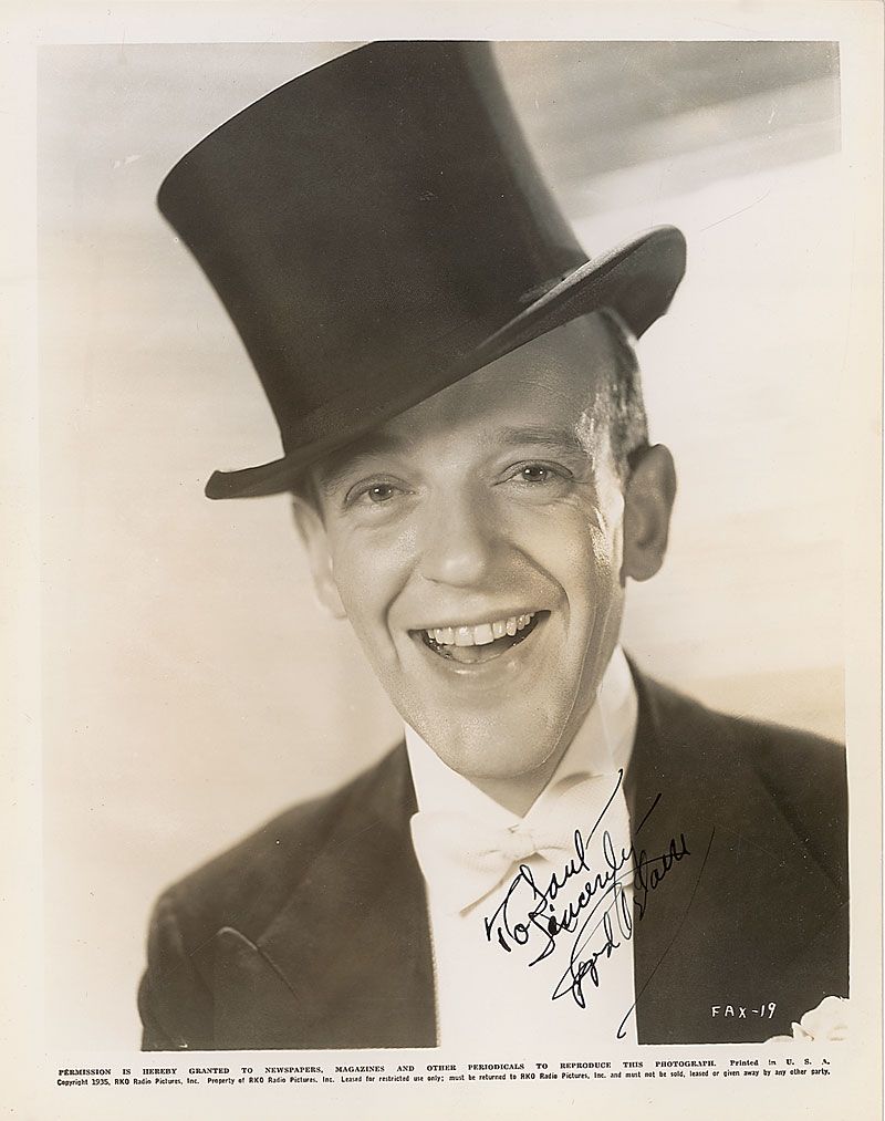 Vintage glossy 8 x 10 RKO publicity photo of Astaire in a tilted top hat, signed and inscribed in fountain pen, “To Saul—Sincerely—Fred Astaire.” Reverse is stamp-dated August 17, 1935. In fine condition, with light scattered surface marks.
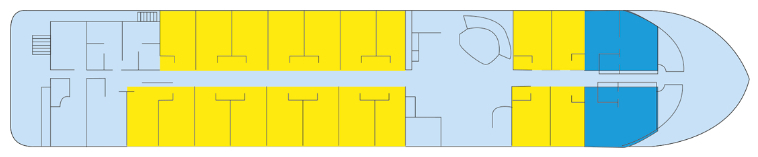 He sails proudly on the Nile, a symbolic and sacred river, witness to forty centuries of history and cradle of one of its most brilliant civilizations. A superb 5-anchor boat, the RV Steigenberger Royale is the ideal setting for a dream voyage. The RV Steigenberger Royale is a magnificent 5-anchor boat. human dimension, measuring 72 meters long and 13.80 meters wide. It can accommodate 98 passengers, in 49 cabins arranged on three decks. Each of the cabins, with an area of 20 m2 (to which are added two suites of 40 M2 each), has all the amenities and offers the best living conditions. The decoration is neat and its atmosphere, both elegant and friendly, is in perfect harmony with its environment. The restaurant, which offers delicate cuisine in a refined setting, is located at the Nile Bridge. Large bay windows allow you to admire the splendid landscapes crossed. On the sun deck level are the lounge-bar, another outdoor bar, a library/games room, a sports area and a massage area, while the upper terrace, an ideal place to relax and admire the landscapes, has a solarium equipped with comfortable deckchairs, as well as a swimming pool with jacuzzi.
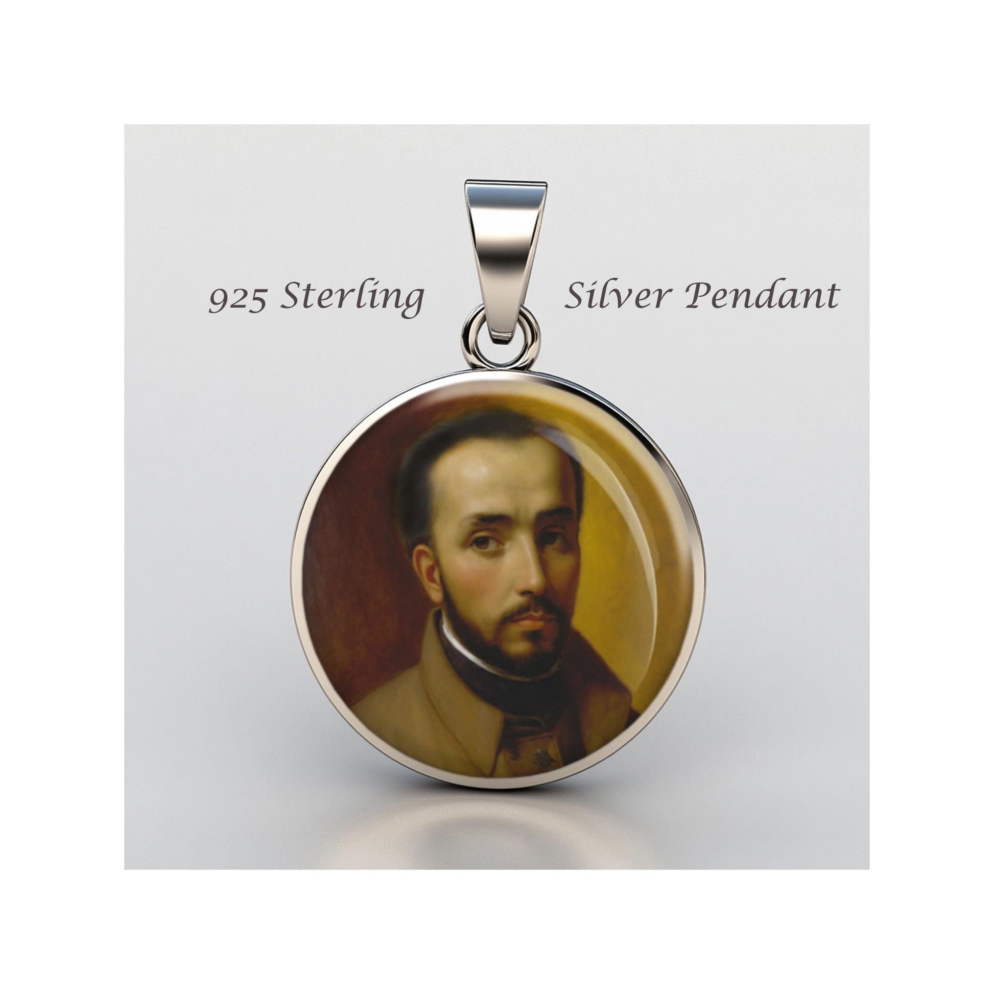 Dedicated to Saint Lalemant Gabriel, this 20mm sterling silver pendant features a delicate design under a clear glass dome, crafted with high-quality paper. The pendant comes in a beautiful jewelry box, ready for gifting—perfect for birthdays, anniversaries, Christmas, Easter, Baptism, First Communion, Confirmation, Mother's Day, or as a thoughtful gift for a loved one.
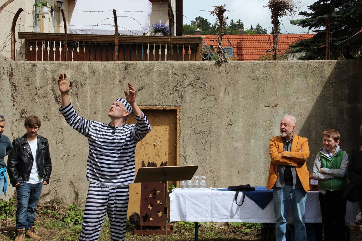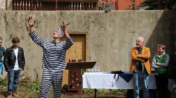 Im gestreiften Sträflingsdress: Carsten Speidel im Innenhof des Münsinger Gefängnisses, durch das seine Frau Nina Speidel von dieser Saison an auch Gästegruppen führt. FOTO: PRIVAT
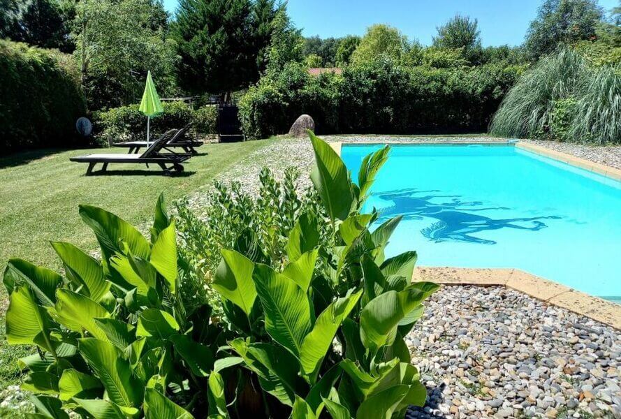 Piscine exposée plein sud avec plage immergée ( Pour une entrée progressive dans l’eau), puis fond plat de 0.80 cm suivi d’une inclinaison douce jusqu’à 1m60 de profondeur

▶ [Exercise]:
The listing above should be transcribed word for word, with its pictures left out.

▶ [Answer box]:
 Vintage glossy 8 x 10 RKO publicity photo of Astaire in a tilted top hat, signed and inscribed in fountain pen, “To Saul—Sincerely—Fred Astaire.” Reverse is stamp-dated August 17, 1935. In fine condition, with light scattered surface marks.
 He sails proudly on the Nile, a symbolic and sacred river, witness to forty centuries of history and cradle of one of its most brilliant civilizations. A superb 5-anchor boat, the RV Steigenberger Royale is the ideal setting for a dream voyage. The RV Steigenberger Royale is a magnificent 5-anchor boat. human dimension, measuring 72 meters long and 13.80 meters wide. It can accommodate 98 passengers, in 49 cabins arranged on three decks. Each of the cabins, with an area of 20 m2 (to which are added two suites of 40 M2 each), has all the amenities and offers the best living conditions. The decoration is neat and its atmosphere, both elegant and friendly, is in perfect harmony with its environment. The restaurant, which offers delicate cuisine in a refined setting, is located at the Nile Bridge. Large bay windows allow you to admire the splendid landscapes crossed. On the sun deck level are the lounge-bar, another outdoor bar, a library/games room, a sports area and a massage area, while the upper terrace, an ideal place to relax and admire the landscapes, has a solarium equipped with comfortable deckchairs, as well as a swimming pool with jacuzzi.
 Dedicated to Saint Lalemant Gabriel, this 20mm sterling silver pendant features a delicate design under a clear glass dome, crafted with high-quality paper. The pendant comes in a beautiful jewelry box, ready for gifting—perfect for birthdays, anniversaries, Christmas, Easter, Baptism, First Communion, Confirmation, Mother's Day, or as a thoughtful gift for a loved one.
 Im gestreiften Sträflingsdress: Carsten Speidel im Innenhof des Münsinger Gefängnisses, durch das seine Frau Nina Speidel von dieser Saison an auch Gästegruppen führt. FOTO: PRIVAT
 Piscine exposée plein sud avec plage immergée ( Pour une entrée progressive dans l’eau), puis fond plat de 0.80 cm suivi d’une inclinaison douce jusqu’à 1m60 de profondeur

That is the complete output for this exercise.